Dutch; Fort Nassau 1627-1655
Fort Nassau – South River – was built by the Dutch West India Company on the Delaware River at the mouth of Big Timber Creek, near present Gloucester, NJ. It was described by settlers as a “factorij” which was basically an early form of free-trade zone, set up to trade fur with the Native Americans.
For the first 8 years of its history, the fort was inhabited intermittently by the Dutch in seasonal migrations. But due to this, English Colonists from Virginia occupied the fort in 1635, after which time the Dutch retook the fort by force under the governor, Wouter van Twiller. This activity was the first armed conflict between the English and Dutch in the New World. After that, the fort was continuously manned, although the fort turned out to be ill-suited to the fur trade, since the riched fur trapping was on the west side of the Delaware River.
Between 1638-1655, Ft. Nassau and the area around it changed hands – and names and locations – between the Dutch and the Swedes several times. Specifically, in 1651, Dutch Governor Peter Stuyvesant dismantled Fort Nassau and moved it to what is now New Castle Delaware, and renamed it Ft. Casimir. In 1654, Swedish commander Johan Risingh tried to expel the Dutch from the Delaware Vallee by capturing Fort Casimir, and renamed it Fort Trinity.

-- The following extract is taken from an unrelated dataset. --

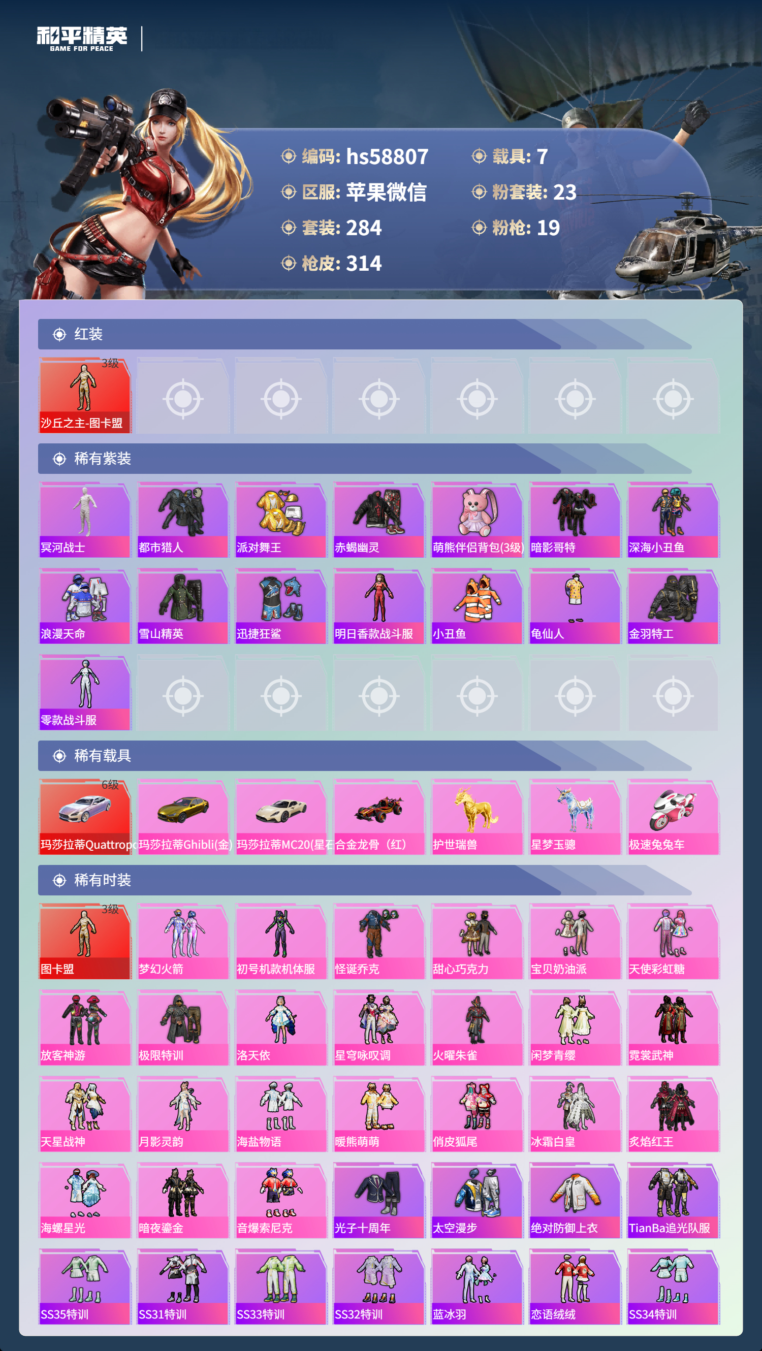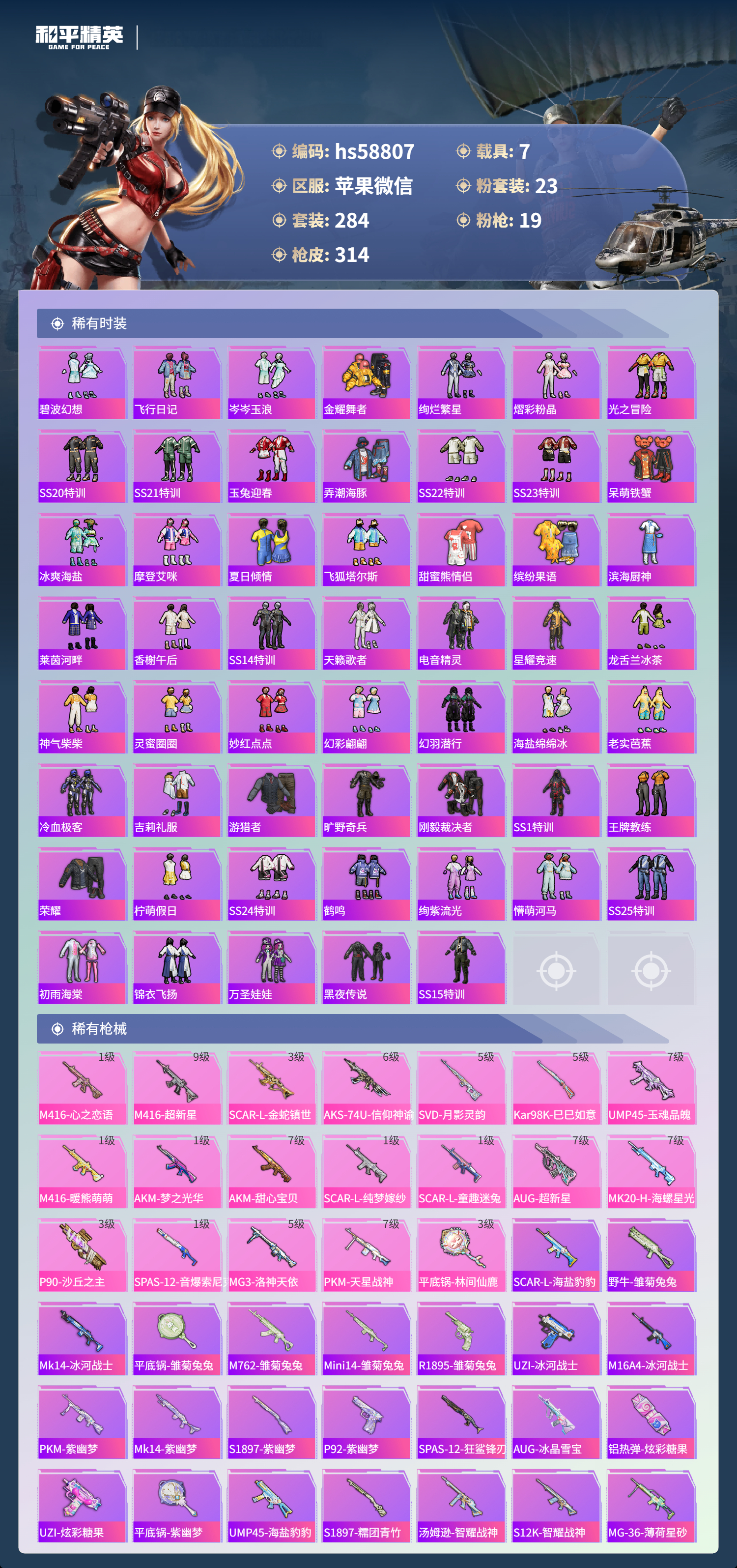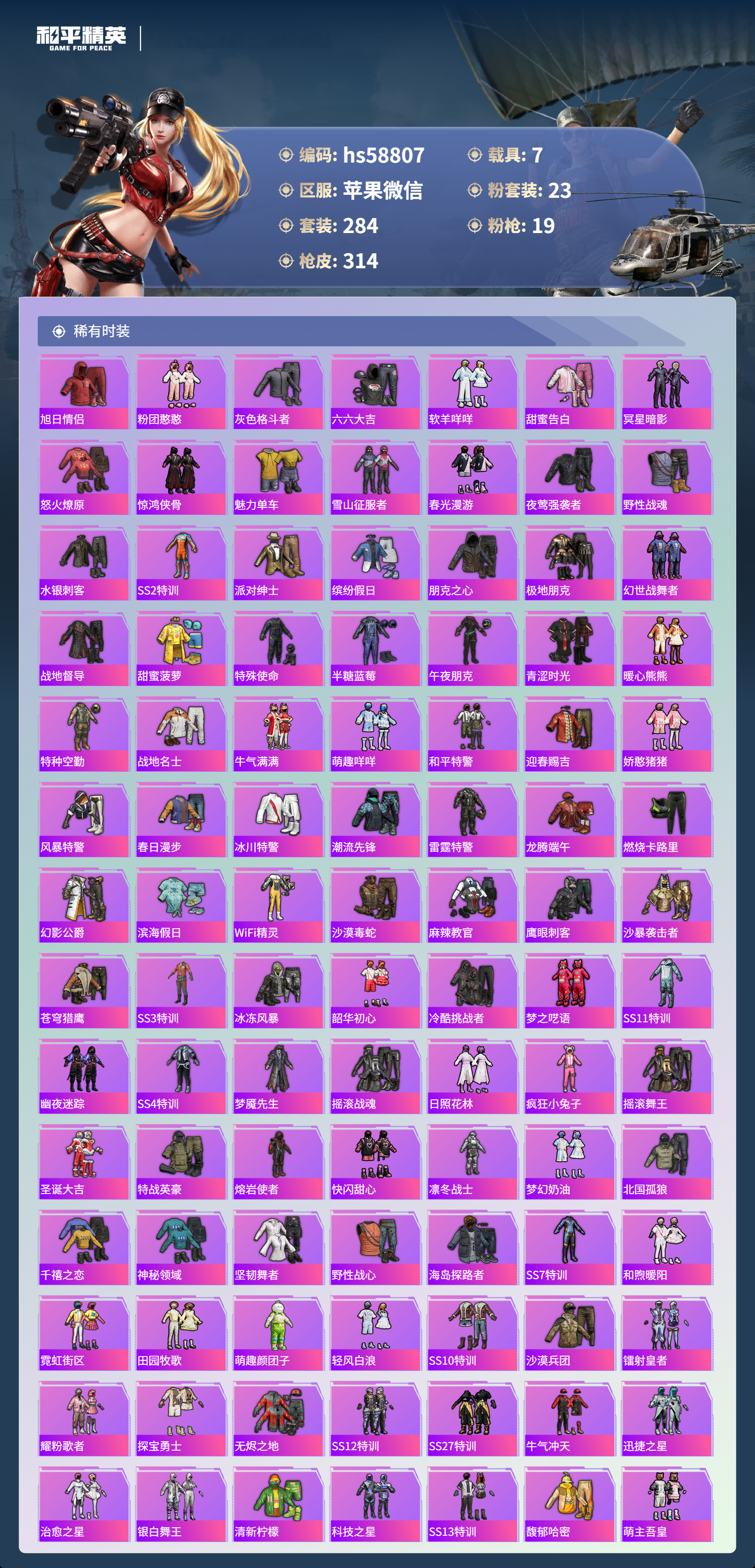hs58807 苹果微信-30王牌印记-有战神框-1红装-23粉装-19特效枪-7载具-热力值-284套装-314枪皮-13卓越印记-13传奇印记

But finally on September 11, 1655, Peter Stuyvesant led a Dutch force to retake Fort Trinity, and renamed it (again!) as New Amstel. The Dutch then occupied Fort Christiana on September 15th, so all of New Sweden came under Dutch control. The Dutch appointed John Paul Jacquet as governor, and made New Amstel the capital of the (newly) Dutch controlled colony.